Duas condutas dentro de um ato criminoso, respondia pelos dois tipos e a pena era aumentada em exagero



A LEI ATUAL:

O sujeito passivo pode ser tanto mulher como homem;

O ato libidinoso foi agregado ao estupro;

Duas formas de cometer o crime, a conjunção carnal e atentado violento ao pudor. Duas condutas praticadas dentro de um tipo penal, responde pelo crime único;



Não há mais concurso material!!!



A presença do ofendido é essencial;

Percepção da vítima sobre o fato ocorrido;

A representação pode ser oferecida até seis meses após o conhecimento do autor do fato.
Se oferecer a representação será irretratável após o início da ação penal. Princípio da indisponibilidade da ação. Se não se retratar antes do oferecimento da denúncia será irretratável.



“Denomina-se estupro toda forma de violência sexual para qualquer fim libidinoso!”

Sujeito ativo e passivo = qualquer pessoa, homem ou mulher.

O crime é doloso exigindo, para tanto, a presença do elemento subjetivo do tipo consubstanciado na finalidade de obter a conjunção carnal ou outro ato libidinoso com o intuito de satisfazer a lascívia;

O casamento traz direito ao sexo, mas não obrigação;

O ato libidinoso é considerado gênero, sendo a conjunção carnal sua espécie;

Para que a denúncia de um crime seja recebida é necessário que ela seja precisa, não podendo ser genérica, portanto, no caso do crime em comento é necessário descrever o ato sexual violento da forma em que ocorreu. “Se mais de um fato, evidentemente, todos devem ser especificados para garantir o pleno direito de defesa”.

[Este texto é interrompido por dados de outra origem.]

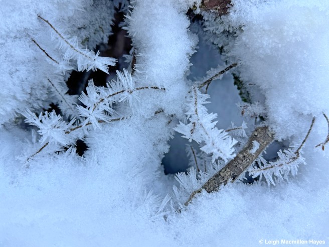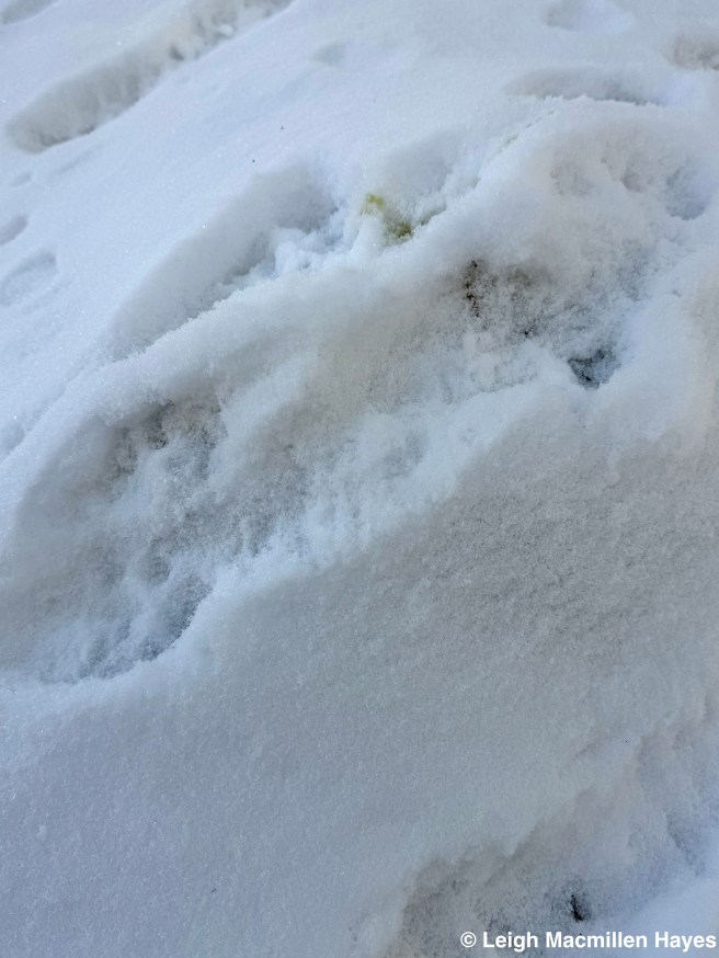 After today’s snow ended and another inch or two had accumulated atop our already winter wonderland world, I donned my boots and cameras and headed out the back door, not really sure where I’d wander. I assumed my findings would be few because the precipitation had just stopped.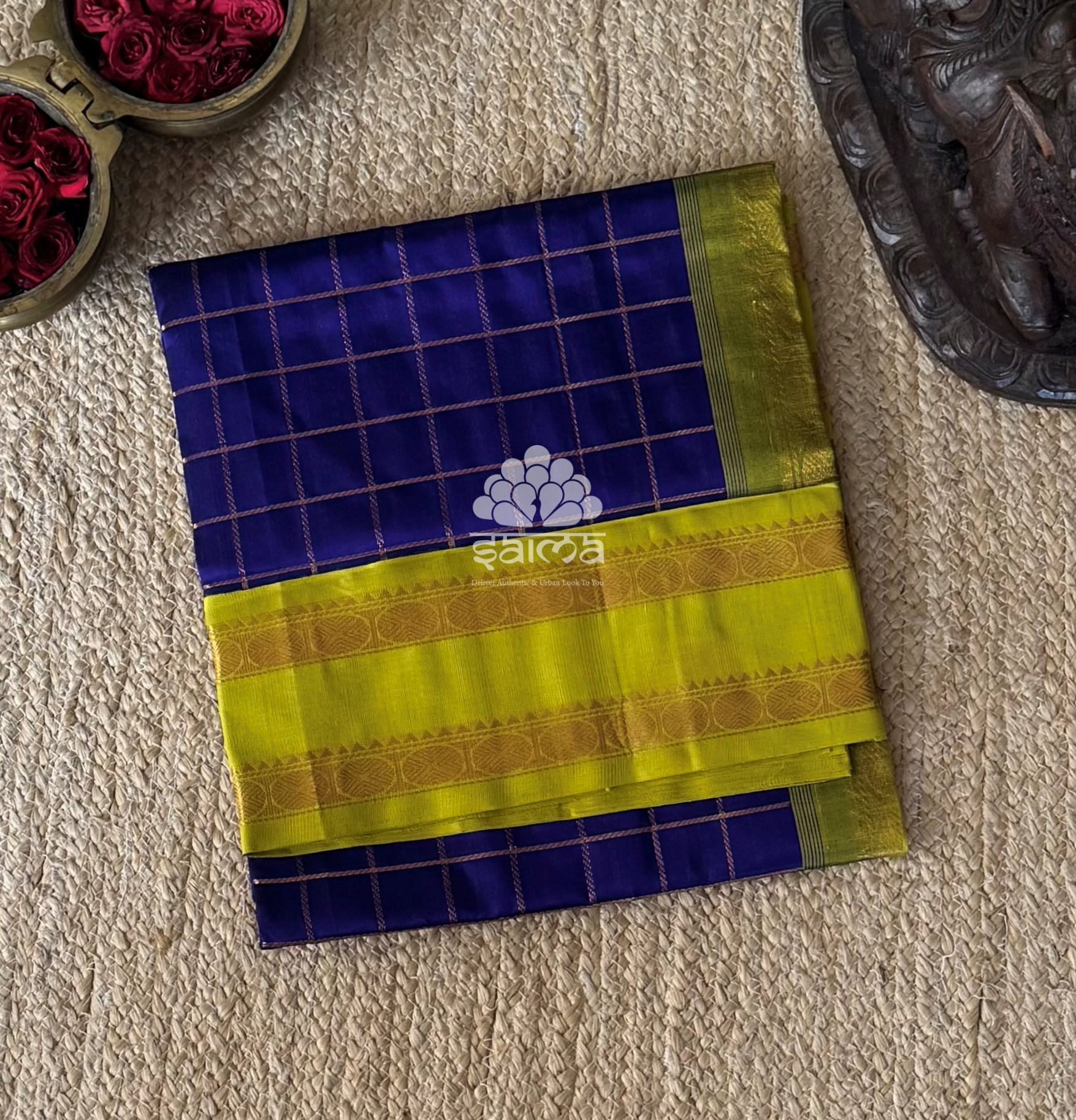Kanchi korvai silk cotton in ink blue color having zari checks body design and rettai pettu design korvai border. Pallu and blouse in lemon green color.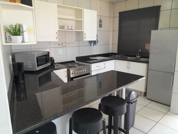 Ithaca 14 is a furnished self-catering unit and contains of 2 bedrooms, 2 bathroom and can accommodate up to 4 guests. The main bedroom contains a double bed and an en-suite bathroom. The second bedroom contains 2 single beds. The lounge and kitchen is an open area. Guests need to bring their own standard Dstv decoder, card, and power supply or an Open-view decoder and its power supply. The first bathroom is an en suite and contains a toilet, a wash basin, and a bath. This second bathroom contains a shower, toilet, and wash basin. The kitchen is well-equipped for self-catering with a stove and oven, fridge-freezer, microwave, kettle, and toaster.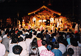 夜間に庭火(かがり火)をたいて神楽を奉仕する祭典を行った伝統を再現したお祭りで、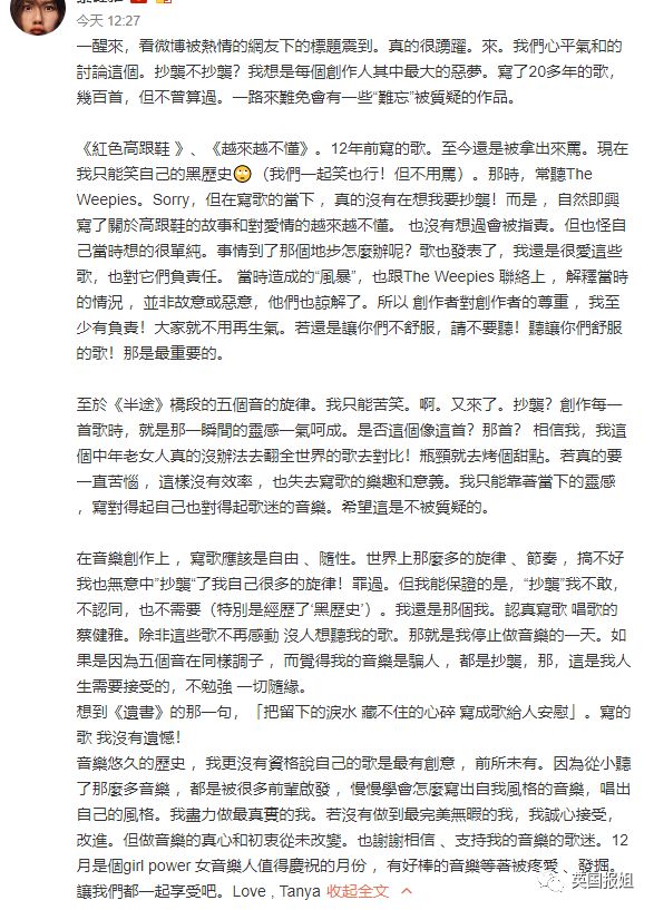 而现在,却有人说这位才女歌手的歌,竟然抄别人的歌,这可以说是非常可怕的指控了。即便上百首歌里只有几首是抄袭,但也是难以抹去的污点,更何况其中还有自己最知名的代表作...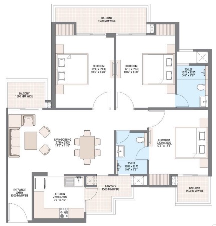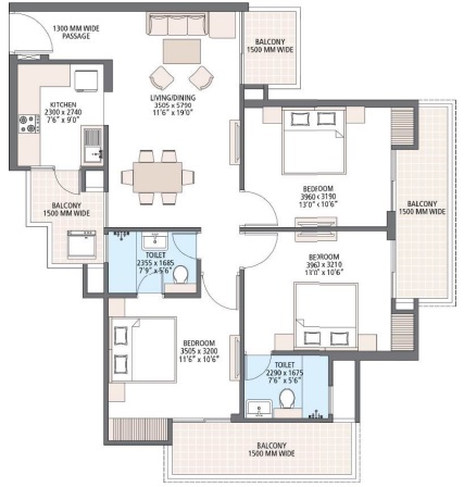 Flat Sizes - ( 1216 - 4347 ) sqft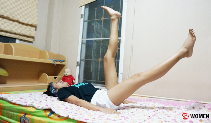 ท่าที่ 1 นอนราบ ยกขาชี้ฟ้าคู่ จากนั้นยกขาขึ้นลง ทำสลับกันทีละข้าง ให้ขาตั้งฉากกับลำตัว ทำแบบช้าๆ ค่อยเป็นค่อยไป พร้อมเกร็งหน้าท้องด้วย ถ้าทำไม่ได้และรู้สึกว่ากล้ามเนื้อตีง ให้งอเข่าเล็กน้อย เพื่อไม่ให้กล้ามเนื้อฉีกค่ะ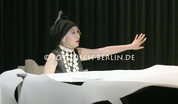 Ort: silent green Kulturquartier, Berlin. Aki Takase, Yui Kawaguchi. Titel: DIE STADT IM KLAVIER VI-ACCENTO. Urauffuehrung: 16.12.2022. Konzept, Choreografie , Tanz: Yui Kawaguchi. Konzept, Komposition, Klavier: Aki Takase. Buehnenbild & performative Architekturen: Gabi Schillig Licht, Technik: Fabian Bleisch Im Bild: Aki Takase, Yui Kwaguchi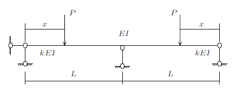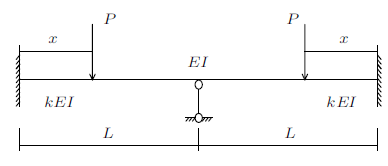 将两端长为$x$的两段杆变为抗弯刚度为$kEI$的等截面杆。结构计算简图如图10所示。

Elemento normativo “conjunção carnal”é a introdução peniana na cavidade vaginal, não se exigindo, para tanto, a penetração total nem tão-pouco a ejaculação. PROVA!!!!!

Objeto jurídico – é a liberdade sexual da pessoa, reprime as condutas anormais consideradas graves que afetam a moral média da sociedade

Objeto material – é a pessoa que sofre o constrangimento;

Obs: o modo de execução continua sendo por meio de violência ou grave ameaça.





1° - Violência física – a expressão “violência”representa a de natureza física (força bruta), alcançando as vias de fato e as lesões corporais leves, que ficam absorvidas.

2 ° - Violência moral (grave ameaça) – é a que atinge o psiquismo da vítima. É a grave ameaça, cuja capacidade de intimidar a vítima seja capaz de anular a sua capacidade de querer.



A ameaça pode ser: verbal, por escrito, gestos, sinal e atos simbólicos (forma livre);

Pode ser, ainda, por meio: justo, injusto (injusto para a vítima), direto ou indireto

Obs: há entendimento que o temor reverencia (respeito que filhos tem dos pais) é reconhecido como caracterizador da grave ameaça. Quando o crime é cometido pelos pais a pena é aumentada.

Exige-se, para a configuração do crime, que haja o dissenso da vítima e que este seja sincero e positivo;

Não se considera consenso da pessoa, quando esta se entrega ao estuprador por exaustão de suas forças, nem a que sucumbe ao medo, Ex: inércia por pânico ou grave situação de fato.